▸ Your task:
Without including any pictures, copy every line below exactly.

[Stored data entries]
*****
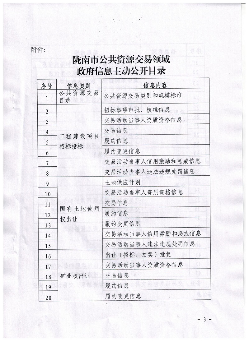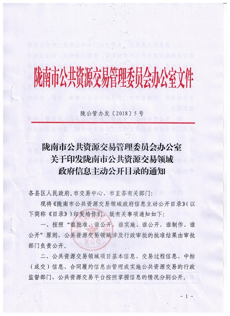隴南市公共資源交易管理委員會辦公室關(guān)于印發(fā)隴南市公共資源交易領(lǐng)域政府信息主動公開目錄的通知
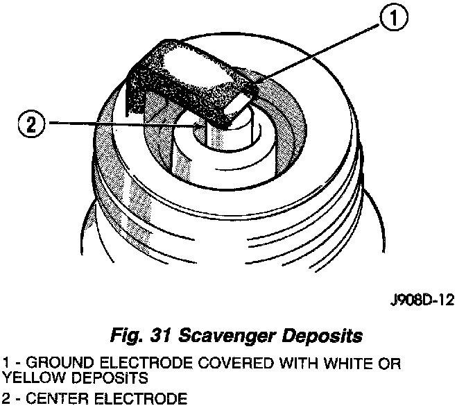 Fuel scavenger deposits may be either white or yellow. They may appear to be harmful, but this is a normal condition caused by chemical additives in certain fuels. These additives are designed to change the chemical nature of deposits and decrease spark plug misfire tendencies. Notice that accumulation on the ground electrode and shell area may be heavy, but the deposits are easily removed. Spark plugs with scavenger deposits can be considered normal in condition and can be cleaned using standard procedures.
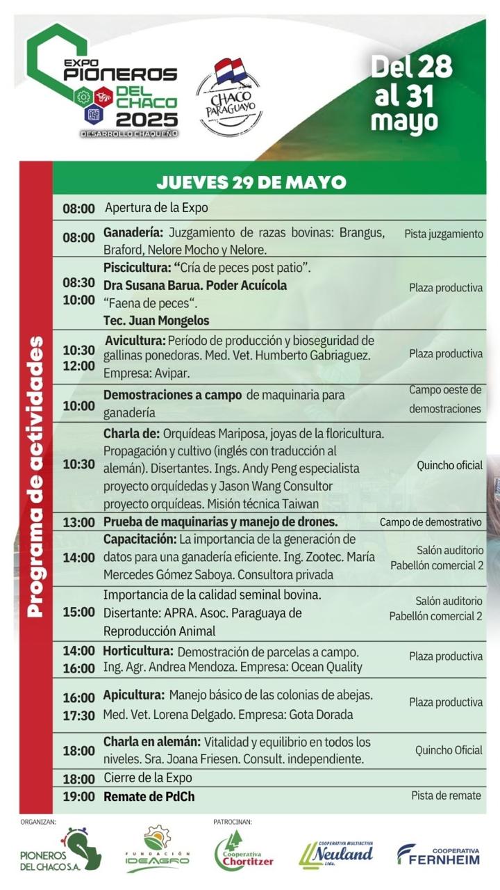 La Expo Pioneros del Chaco 2025 continúa este jueves 29 de mayo con su segunda jornada, reafirmando su papel como punto de encuentro estratégico para el desarrollo agropecuario en la región occidental del país. Desde temprano, el predio ferial se activa con un dinámico programa de charlas técnicas, demostraciones a campo, capacitaciones y exhibiciones de maquinaria.
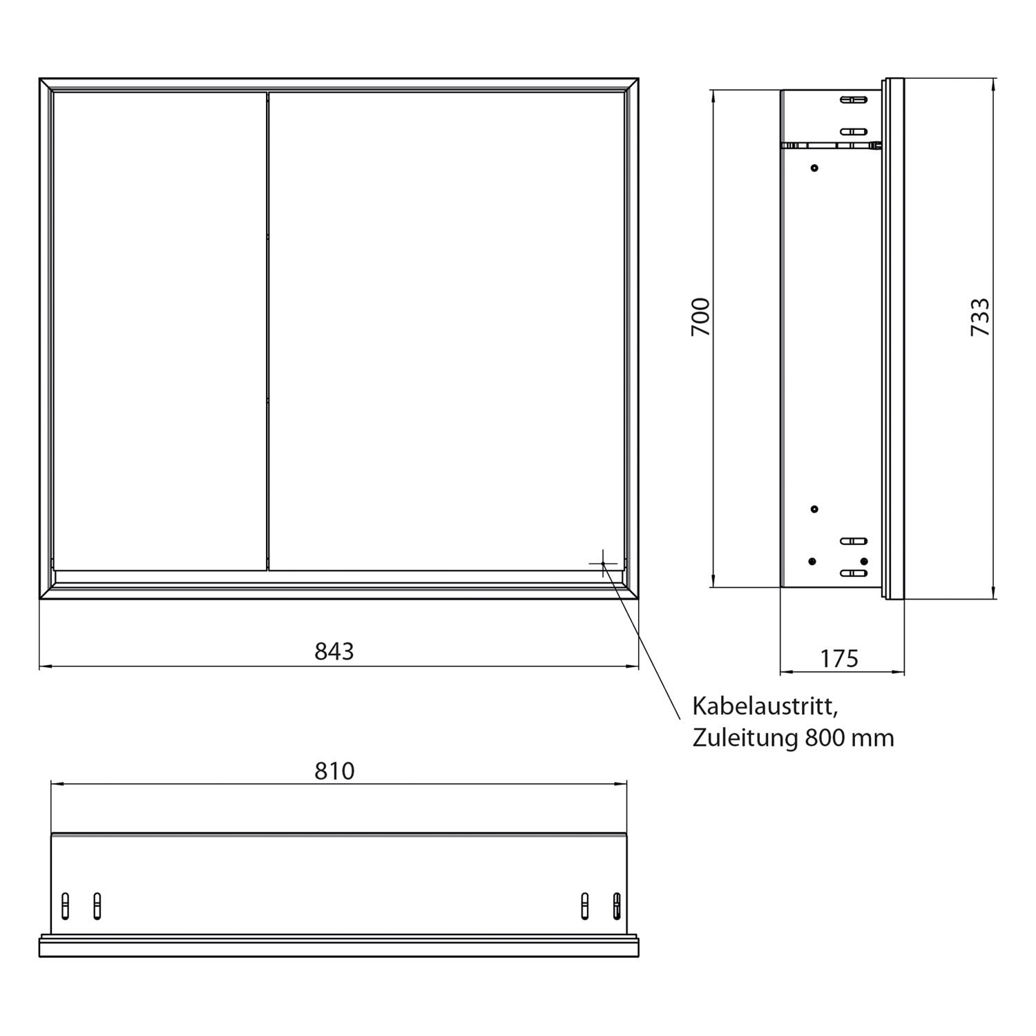 - Kabeldurchlass nach außen bei geschlossenen Spiegeltüren
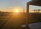 Via de garage of de schuifpui in de woonkamer stap je zo de royale achtertuin in, gelegen op het westen. Hier geniet je van een weids uitzicht over de polder én van de zon die tot laat op de avond blijft schijnen — je ziet de zon hier zelfs prachtig ondergaan. De tuin is voorzien van een stijlvolle overkapping, waardoor je het hele jaar door comfortabel buiten kunt zitten. Daarnaast zijn er praktische extra’s zoals een buitenkraan, een handige achterom en elektrische screens aan de woning.
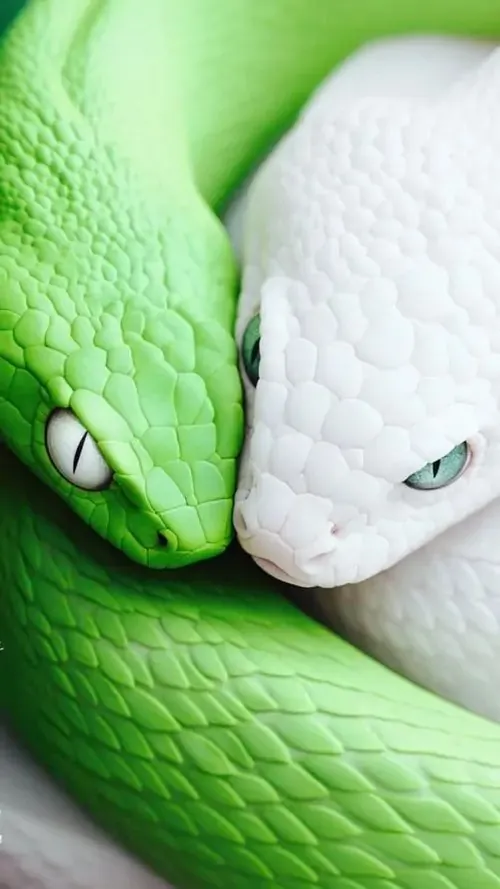 Hai con rắn xanh lá và trắng áp đầu vào nhau trong khung chụp rất gần, bề mặt vảy rõ nét khiến ảnh nền rắn thêm cuốn mắt, gợi cảm giác hòa hợp và tụ tài
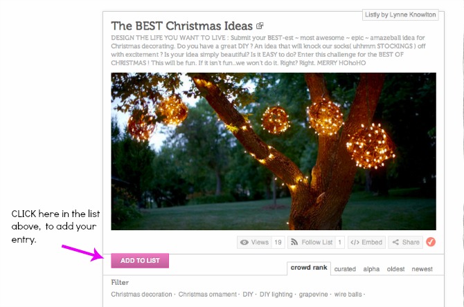 Not a blogger ? No worries, anyone can submit an entry. Bust a flurry. Have some kicks. Throw back some eggnog…CREATE…take a photo and submit it……let’s see those epic CHRISTMAS IDEAS. Just click add to list in the contest above, and it will prompt you on what to do for submission. Freak balls easy to do.
*****
▸ Output:
隴南市公共資源交易管理委員會辦公室關(guān)于印發(fā)隴南市公共資源交易領(lǐng)域政府信息主動公開目錄的通知
 Fuel scavenger deposits may be either white or yellow. They may appear to be harmful, but this is a normal condition caused by chemical additives in certain fuels. These additives are designed to change the chemical nature of deposits and decrease spark plug misfire tendencies. Notice that accumulation on the ground electrode and shell area may be heavy, but the deposits are easily removed. Spark plugs with scavenger deposits can be considered normal in condition and can be cleaned using standard procedures.
 La Expo Pioneros del Chaco 2025 continúa este jueves 29 de mayo con su segunda jornada, reafirmando su papel como punto de encuentro estratégico para el desarrollo agropecuario en la región occidental del país. Desde temprano, el predio ferial se activa con un dinámico programa de charlas técnicas, demostraciones a campo, capacitaciones y exhibiciones de maquinaria.
 - Kabeldurchlass nach außen bei geschlossenen Spiegeltüren
 Via de garage of de schuifpui in de woonkamer stap je zo de royale achtertuin in, gelegen op het westen. Hier geniet je van een weids uitzicht over de polder én van de zon die tot laat op de avond blijft schijnen — je ziet de zon hier zelfs prachtig ondergaan. De tuin is voorzien van een stijlvolle overkapping, waardoor je het hele jaar door comfortabel buiten kunt zitten. Daarnaast zijn er praktische extra’s zoals een buitenkraan, een handige achterom en elektrische screens aan de woning.
 Hai con rắn xanh lá và trắng áp đầu vào nhau trong khung chụp rất gần, bề mặt vảy rõ nét khiến ảnh nền rắn thêm cuốn mắt, gợi cảm giác hòa hợp và tụ tài
 Not a blogger ? No worries, anyone can submit an entry. Bust a flurry. Have some kicks. Throw back some eggnog…CREATE…take a photo and submit it……let’s see those epic CHRISTMAS IDEAS. Just click add to list in the contest above, and it will prompt you on what to do for submission. Freak balls easy to do.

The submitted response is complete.